*Records to process*
* * * *

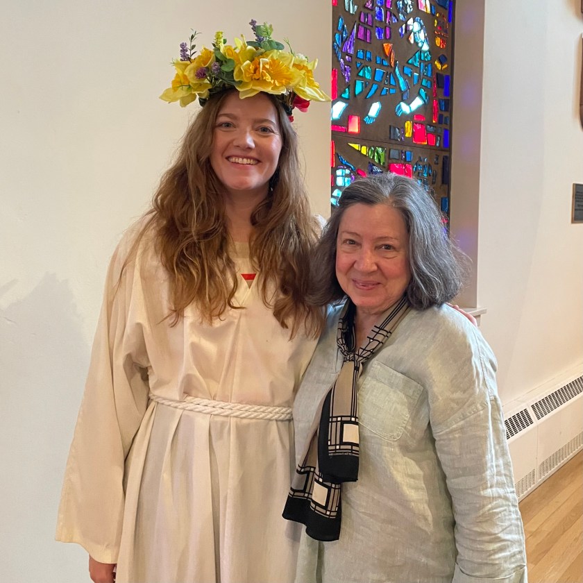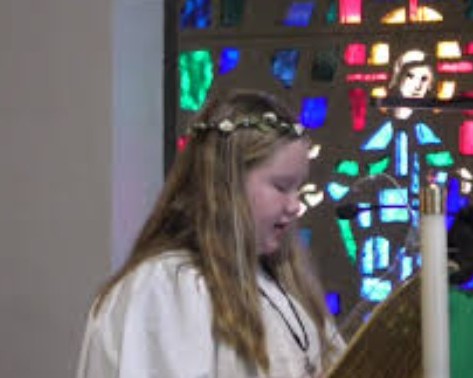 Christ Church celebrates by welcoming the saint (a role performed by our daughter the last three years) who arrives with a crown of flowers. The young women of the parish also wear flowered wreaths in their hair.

* * * *

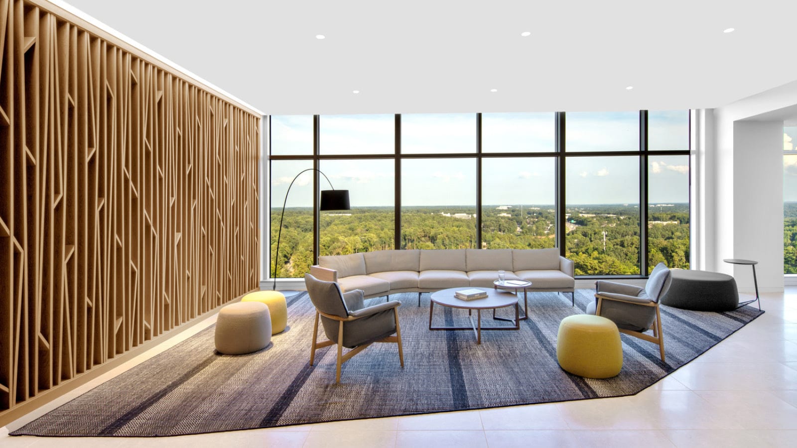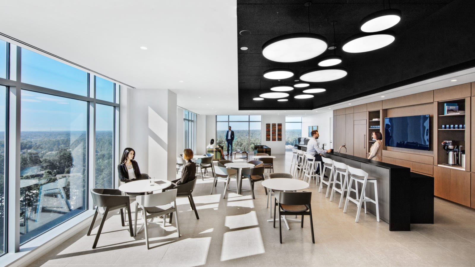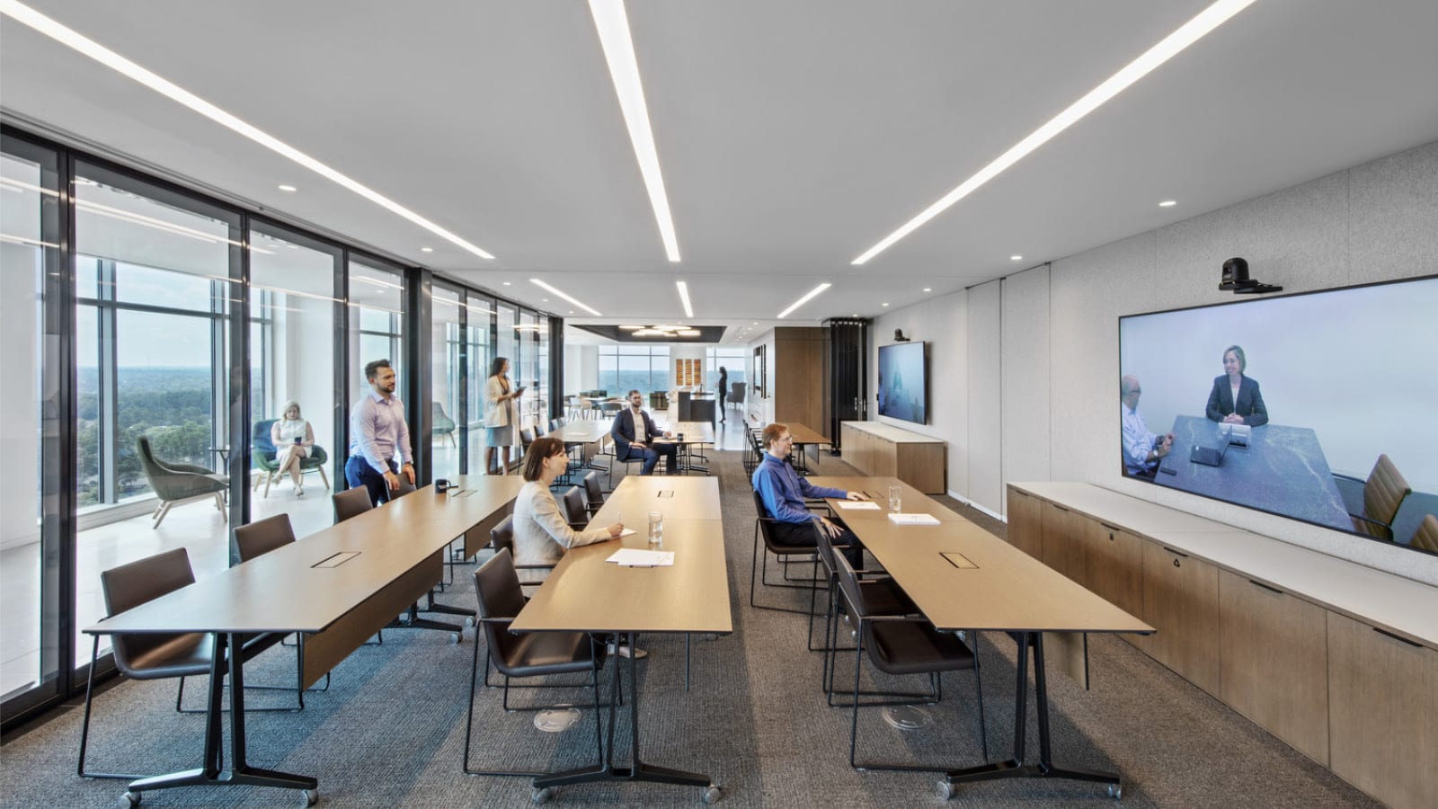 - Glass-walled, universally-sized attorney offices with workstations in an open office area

* * * *

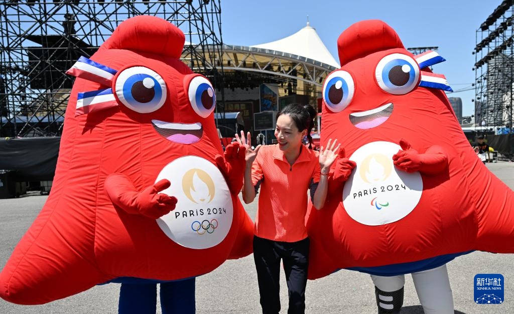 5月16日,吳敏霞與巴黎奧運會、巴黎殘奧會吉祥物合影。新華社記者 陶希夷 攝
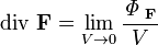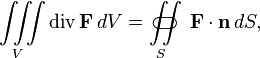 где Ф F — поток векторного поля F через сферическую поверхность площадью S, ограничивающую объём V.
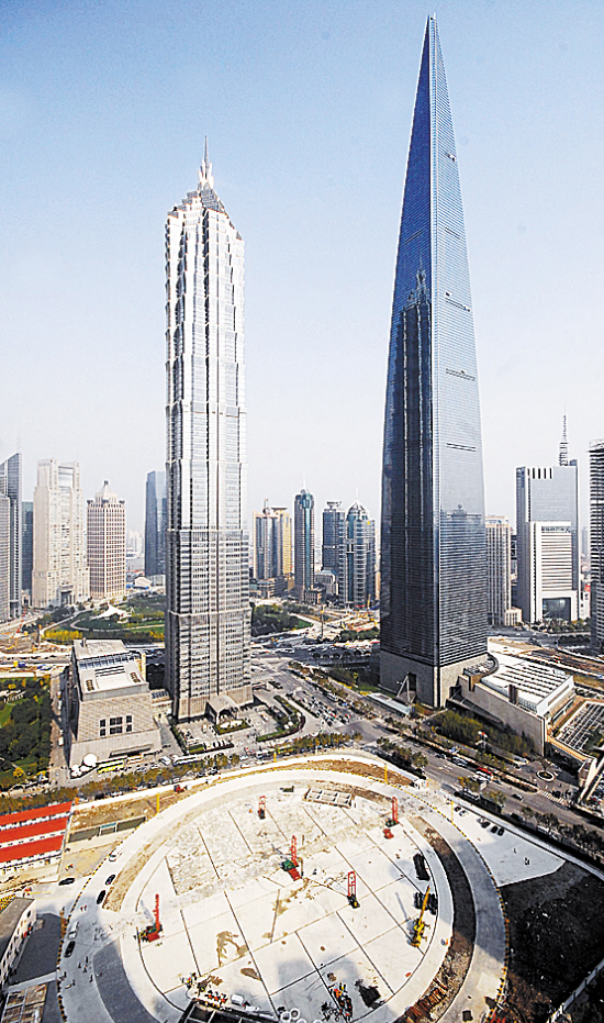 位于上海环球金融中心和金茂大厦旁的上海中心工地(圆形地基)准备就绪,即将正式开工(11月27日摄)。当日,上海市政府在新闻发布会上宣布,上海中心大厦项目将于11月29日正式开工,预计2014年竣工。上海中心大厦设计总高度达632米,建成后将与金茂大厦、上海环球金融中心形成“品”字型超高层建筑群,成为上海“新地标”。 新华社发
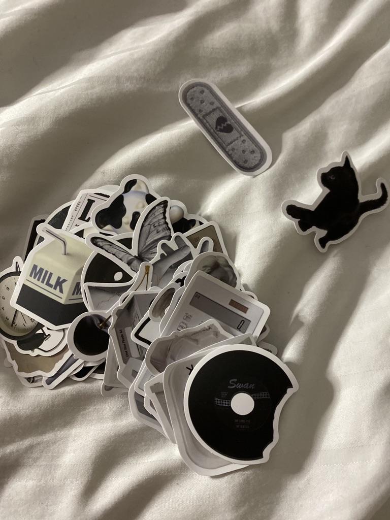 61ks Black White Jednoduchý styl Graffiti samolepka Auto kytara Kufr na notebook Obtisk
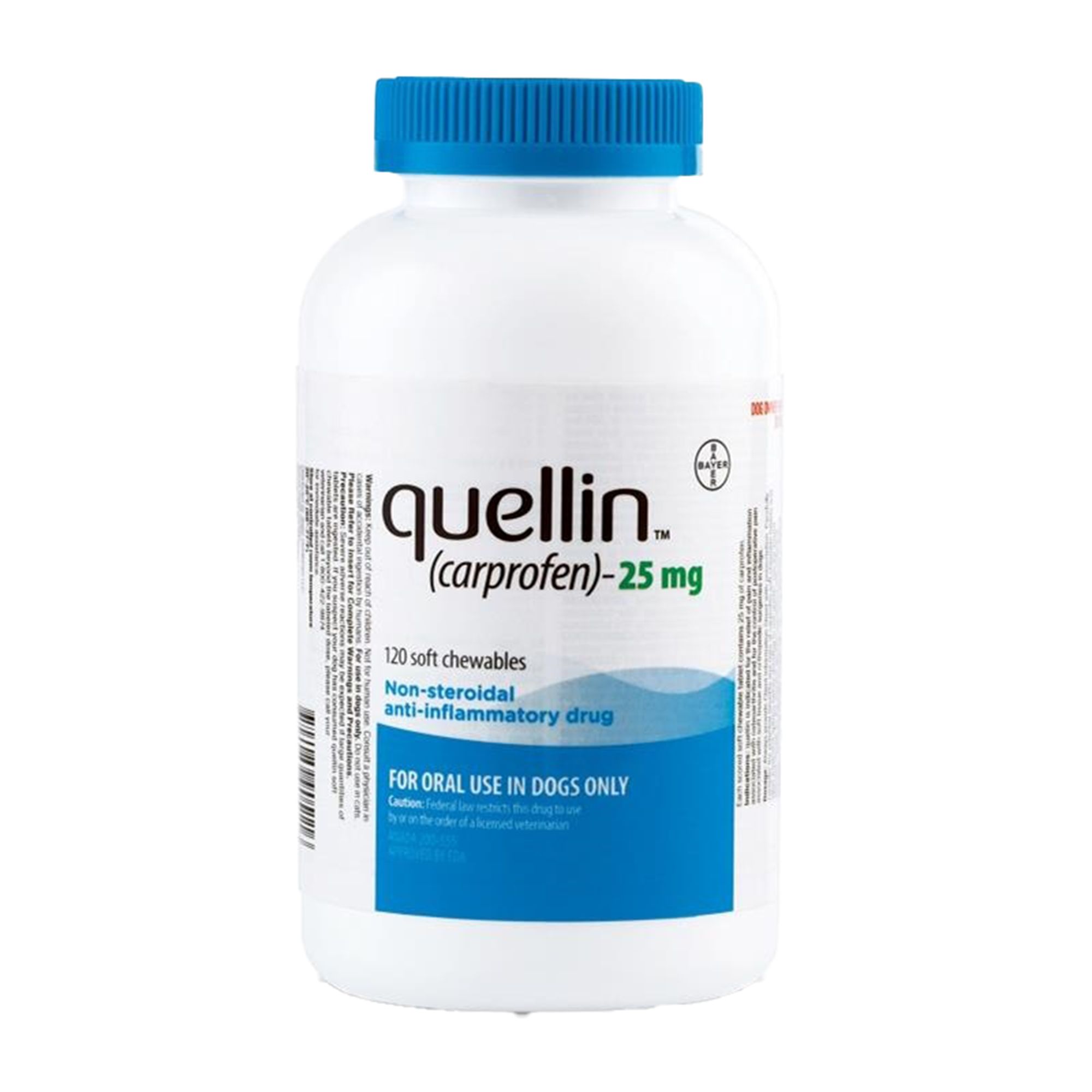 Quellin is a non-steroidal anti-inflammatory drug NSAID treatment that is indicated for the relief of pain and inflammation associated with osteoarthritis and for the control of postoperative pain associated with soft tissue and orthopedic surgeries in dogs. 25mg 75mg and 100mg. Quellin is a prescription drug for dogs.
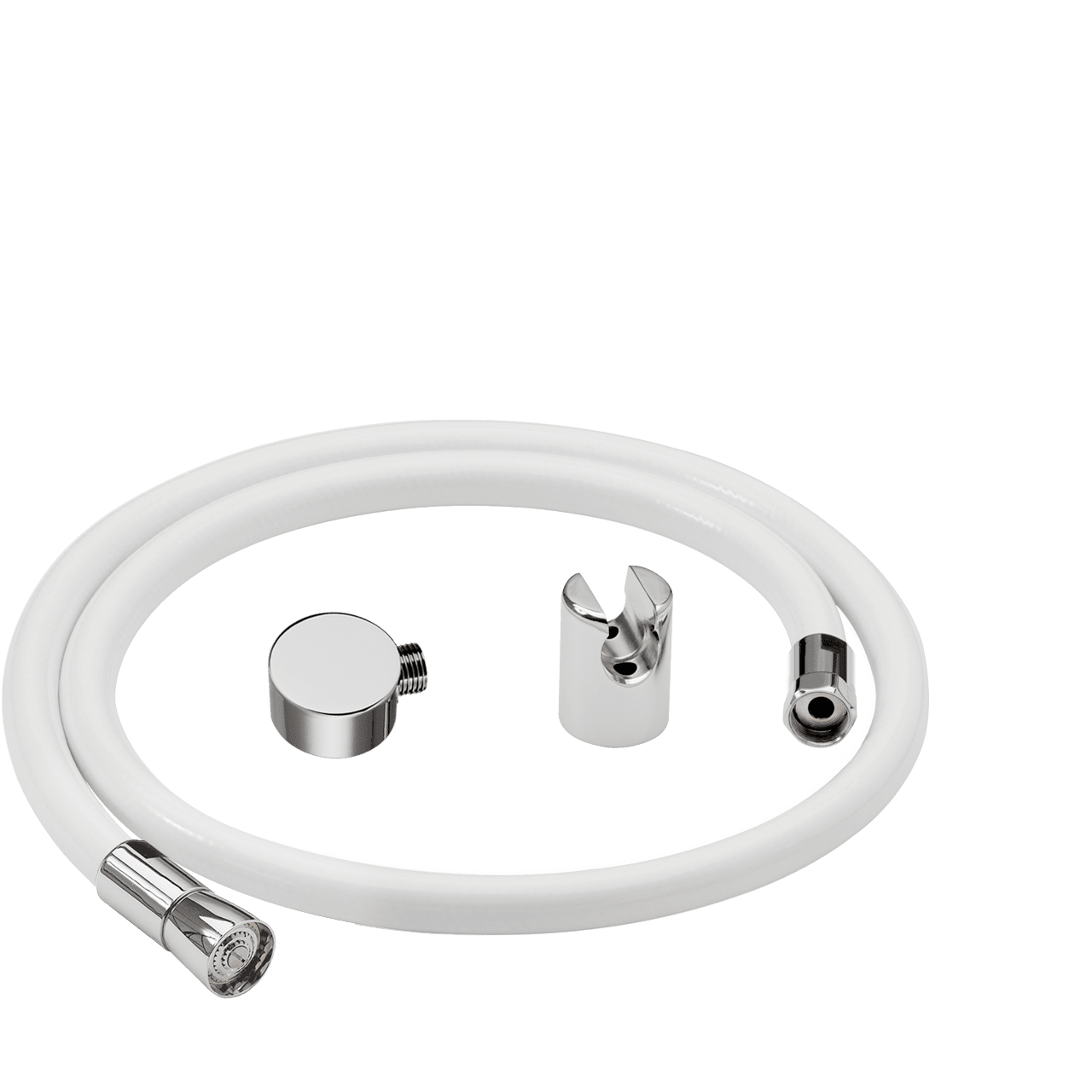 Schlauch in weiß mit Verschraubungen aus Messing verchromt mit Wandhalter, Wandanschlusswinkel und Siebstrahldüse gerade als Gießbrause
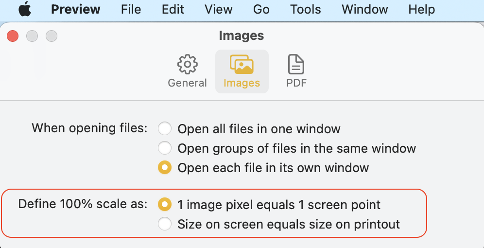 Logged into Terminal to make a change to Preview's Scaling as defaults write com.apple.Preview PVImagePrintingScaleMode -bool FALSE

* * * *

*Brief*
What you write out is the stretch of entries from the line containing "Schlauch in weiß" to the line containing "Logged into Terminal", word for word, with both end lines and no pictures.

*Written answer*
 Schlauch in weiß mit Verschraubungen aus Messing verchromt mit Wandhalter, Wandanschlusswinkel und Siebstrahldüse gerade als Gießbrause
 Logged into Terminal to make a change to Preview's Scaling as defaults write com.apple.Preview PVImagePrintingScaleMode -bool FALSE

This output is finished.